17 Nisan 2020 00:06

Koronavirüs salgını gazeteleri vurdu: Gazeteler basılıyor, satılamıyor

Koronavirüs yazılı basını da etkiledi. 11 Mart'tan beri gazetelerin tirajları yüzde 25 düştü. Gazeteciler ve meslek örgütleri acilen önlem alınması gerektiğini belirtiyor.

Fotoğraf: Evrensel

Paylaş

Gözde TÜZER
İstanbul

Koronavirüs salgını yazılı basını da vurdu. 11 Mart’ta ilk vakanın açıklanmasından bugüne gazete tirajları yüzde 25 oranında düştü. Bununla beraber reklam ve ilan gelirleri de ciddi oranda azaldı. Basın İlan Kurumu gazeteler için bir paket açıklamış olsa da, bu yeterli olmadı. Zaten ilan ve reklam kıskacında olan bağımsız gazeteler ise, maliyetine gazete basmaya başladı.

Hafta sonu sokağa çıkma yasağıyla beraber gazetelerin üzerindeki yük daha da arttı. Geçtiğimiz hafta sonu sokağa çıkma yasağı olsa da gazeteler basıldı ancak balyalar halinde geri dönüşüme gönderildi.

Basın meslek örgütleri bir an önce bu sorunun çözülmesi gerektiğini, devletin gazeteler için özel bir önlem alması gerektiğini söylüyor.
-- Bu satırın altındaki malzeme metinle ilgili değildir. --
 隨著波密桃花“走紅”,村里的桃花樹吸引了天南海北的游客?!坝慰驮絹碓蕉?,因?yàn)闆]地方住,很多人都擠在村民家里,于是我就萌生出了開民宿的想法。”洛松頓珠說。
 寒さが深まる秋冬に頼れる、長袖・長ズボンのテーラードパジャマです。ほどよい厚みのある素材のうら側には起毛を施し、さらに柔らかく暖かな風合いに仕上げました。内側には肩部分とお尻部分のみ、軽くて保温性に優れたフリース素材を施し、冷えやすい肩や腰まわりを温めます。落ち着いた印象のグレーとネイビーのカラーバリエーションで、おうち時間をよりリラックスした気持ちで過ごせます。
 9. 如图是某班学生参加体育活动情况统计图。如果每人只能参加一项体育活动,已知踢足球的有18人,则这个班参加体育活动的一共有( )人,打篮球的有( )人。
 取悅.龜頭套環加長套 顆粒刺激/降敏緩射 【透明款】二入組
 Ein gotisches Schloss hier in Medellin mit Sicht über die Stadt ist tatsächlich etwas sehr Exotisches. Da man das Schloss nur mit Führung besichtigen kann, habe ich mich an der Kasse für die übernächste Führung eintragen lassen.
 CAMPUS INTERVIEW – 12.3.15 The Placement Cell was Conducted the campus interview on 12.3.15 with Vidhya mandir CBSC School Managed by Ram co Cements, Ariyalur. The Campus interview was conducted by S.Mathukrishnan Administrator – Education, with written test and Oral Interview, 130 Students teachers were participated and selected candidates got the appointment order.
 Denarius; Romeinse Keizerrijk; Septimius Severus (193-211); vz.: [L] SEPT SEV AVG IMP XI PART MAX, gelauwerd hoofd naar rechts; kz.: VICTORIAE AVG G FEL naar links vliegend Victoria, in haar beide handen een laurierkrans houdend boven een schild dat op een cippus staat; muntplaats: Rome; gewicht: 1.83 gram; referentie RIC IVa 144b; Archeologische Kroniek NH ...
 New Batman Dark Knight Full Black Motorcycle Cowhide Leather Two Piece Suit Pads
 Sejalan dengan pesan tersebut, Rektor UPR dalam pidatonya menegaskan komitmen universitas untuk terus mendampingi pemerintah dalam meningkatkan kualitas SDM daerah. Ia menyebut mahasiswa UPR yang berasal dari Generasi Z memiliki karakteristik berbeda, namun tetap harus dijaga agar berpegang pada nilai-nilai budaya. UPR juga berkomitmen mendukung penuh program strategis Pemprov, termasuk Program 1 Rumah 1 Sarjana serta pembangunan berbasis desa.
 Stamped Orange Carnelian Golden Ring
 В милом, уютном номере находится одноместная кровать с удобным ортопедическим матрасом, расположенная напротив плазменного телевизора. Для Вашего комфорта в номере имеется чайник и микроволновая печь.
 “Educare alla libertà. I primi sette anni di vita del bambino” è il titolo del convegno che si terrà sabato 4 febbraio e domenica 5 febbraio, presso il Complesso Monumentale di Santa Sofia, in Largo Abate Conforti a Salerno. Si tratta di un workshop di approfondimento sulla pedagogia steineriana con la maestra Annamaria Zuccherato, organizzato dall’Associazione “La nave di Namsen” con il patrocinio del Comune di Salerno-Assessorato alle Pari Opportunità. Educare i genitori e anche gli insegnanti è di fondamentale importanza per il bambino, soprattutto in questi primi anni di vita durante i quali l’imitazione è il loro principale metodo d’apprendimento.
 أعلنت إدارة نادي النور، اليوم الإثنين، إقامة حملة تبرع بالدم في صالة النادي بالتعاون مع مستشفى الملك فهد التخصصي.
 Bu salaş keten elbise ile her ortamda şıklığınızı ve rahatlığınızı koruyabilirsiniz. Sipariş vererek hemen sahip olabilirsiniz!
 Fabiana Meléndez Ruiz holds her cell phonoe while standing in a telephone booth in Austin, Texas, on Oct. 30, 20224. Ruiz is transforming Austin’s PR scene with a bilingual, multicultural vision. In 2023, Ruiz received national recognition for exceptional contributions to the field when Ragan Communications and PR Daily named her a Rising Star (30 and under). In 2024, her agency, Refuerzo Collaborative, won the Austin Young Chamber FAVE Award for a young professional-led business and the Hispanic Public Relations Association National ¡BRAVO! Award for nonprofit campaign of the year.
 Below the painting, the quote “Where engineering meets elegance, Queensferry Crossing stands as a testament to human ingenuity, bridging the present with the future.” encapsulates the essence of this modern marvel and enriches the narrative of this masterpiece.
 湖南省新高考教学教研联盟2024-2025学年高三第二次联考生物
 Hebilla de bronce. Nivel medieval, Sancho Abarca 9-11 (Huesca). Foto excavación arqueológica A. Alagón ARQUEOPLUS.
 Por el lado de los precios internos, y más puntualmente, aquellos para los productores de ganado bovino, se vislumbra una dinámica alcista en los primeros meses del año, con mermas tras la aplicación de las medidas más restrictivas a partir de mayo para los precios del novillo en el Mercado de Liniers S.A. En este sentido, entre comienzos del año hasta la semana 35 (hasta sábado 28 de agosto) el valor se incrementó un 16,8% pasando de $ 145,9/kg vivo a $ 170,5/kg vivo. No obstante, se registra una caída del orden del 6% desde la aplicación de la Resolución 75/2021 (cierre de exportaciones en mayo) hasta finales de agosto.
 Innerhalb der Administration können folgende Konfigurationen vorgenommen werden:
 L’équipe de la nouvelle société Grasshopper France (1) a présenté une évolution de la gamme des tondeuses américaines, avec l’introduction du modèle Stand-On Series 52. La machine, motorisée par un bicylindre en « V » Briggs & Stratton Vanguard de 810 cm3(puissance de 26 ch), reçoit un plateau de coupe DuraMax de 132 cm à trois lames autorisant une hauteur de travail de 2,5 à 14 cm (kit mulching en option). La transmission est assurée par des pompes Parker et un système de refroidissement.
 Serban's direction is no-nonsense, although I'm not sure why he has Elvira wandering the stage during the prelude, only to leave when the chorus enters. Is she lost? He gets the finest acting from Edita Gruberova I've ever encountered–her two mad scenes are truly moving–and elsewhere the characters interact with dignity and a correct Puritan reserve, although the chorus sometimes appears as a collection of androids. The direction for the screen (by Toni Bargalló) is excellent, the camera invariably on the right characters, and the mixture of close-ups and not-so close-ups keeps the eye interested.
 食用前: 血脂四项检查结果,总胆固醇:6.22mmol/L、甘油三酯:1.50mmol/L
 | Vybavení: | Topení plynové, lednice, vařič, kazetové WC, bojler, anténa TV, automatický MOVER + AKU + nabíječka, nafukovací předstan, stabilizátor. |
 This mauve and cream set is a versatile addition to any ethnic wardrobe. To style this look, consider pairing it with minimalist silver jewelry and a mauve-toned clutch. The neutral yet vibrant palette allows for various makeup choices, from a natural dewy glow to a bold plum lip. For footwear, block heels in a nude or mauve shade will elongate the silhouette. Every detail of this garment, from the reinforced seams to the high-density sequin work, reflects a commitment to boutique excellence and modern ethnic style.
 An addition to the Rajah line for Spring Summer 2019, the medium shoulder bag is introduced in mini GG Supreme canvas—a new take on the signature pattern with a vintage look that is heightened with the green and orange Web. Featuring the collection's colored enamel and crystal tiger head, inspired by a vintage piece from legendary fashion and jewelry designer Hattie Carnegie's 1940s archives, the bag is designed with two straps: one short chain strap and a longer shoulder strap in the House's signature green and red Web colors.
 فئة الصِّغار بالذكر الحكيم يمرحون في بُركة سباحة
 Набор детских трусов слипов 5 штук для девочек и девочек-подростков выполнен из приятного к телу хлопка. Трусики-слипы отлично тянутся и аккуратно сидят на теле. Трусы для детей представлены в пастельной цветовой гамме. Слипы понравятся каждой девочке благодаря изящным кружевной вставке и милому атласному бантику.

Evrensel, BirGün ve Cumhuriyet gazeteleri cumartesi ve pazar günü e-gazeteyi ücretsiz olarak okuyucularına sundu. Yeni Yaşam gazetesi ise virüsün başladığı günlerde e-gazete formatına geçmişti. Gazeteciler ve basın meslek örgütleri yazılı basın için derhal önlem alınması gerektiğini düşünüyor.

"BASILAMAYAN GAZETELER MÜCBİR SEBEP SAYILACAK"

Basın İlan Kurumu Genel Müdürlüğü Kontrol Hizmetleri Müdürlüğünden aldığımız bilgiye göre; hafta sonu basılamayan gazeteler mücbir sebep kapsamında değerlendirilecek. İlan ve reklam gelirleri ile ilgili ise; basılı gazeteler için ayrı, basılamayan gazeteler için ayrı çalışmalar yürütülecek. Yetkililer bu kararın “3 gün basılmayan gazeteler 4. gün ilan ve reklam gelirlerini kaybeder” maddesini kapsamayacağını, gazetelerin bu maddeye tabi olduklarını belirtti. 

TGC: BASKI VE DAĞITIM SORUNU ÇÖZÜLECEK

Bu süreçte İstanbul özelinde Türkiye Gazeteciler Cemiyeti (TGC) 14 Nisan’da İstanbul Valisi Ali Yerlikaya’ya baskı ve dağıtım sorunlarının çözümü için yazılı bir başvuru yaptı. TGC başvuru sonrası “Sokağa çıkma yasağı günlerinde gazetelerin baskı ve dağıtım sorunu çözülecek” diyerek bir açıklama yayımladı. Ancak haberimiz hazırlanırken valilikten henüz bir açıklama gelmemişti.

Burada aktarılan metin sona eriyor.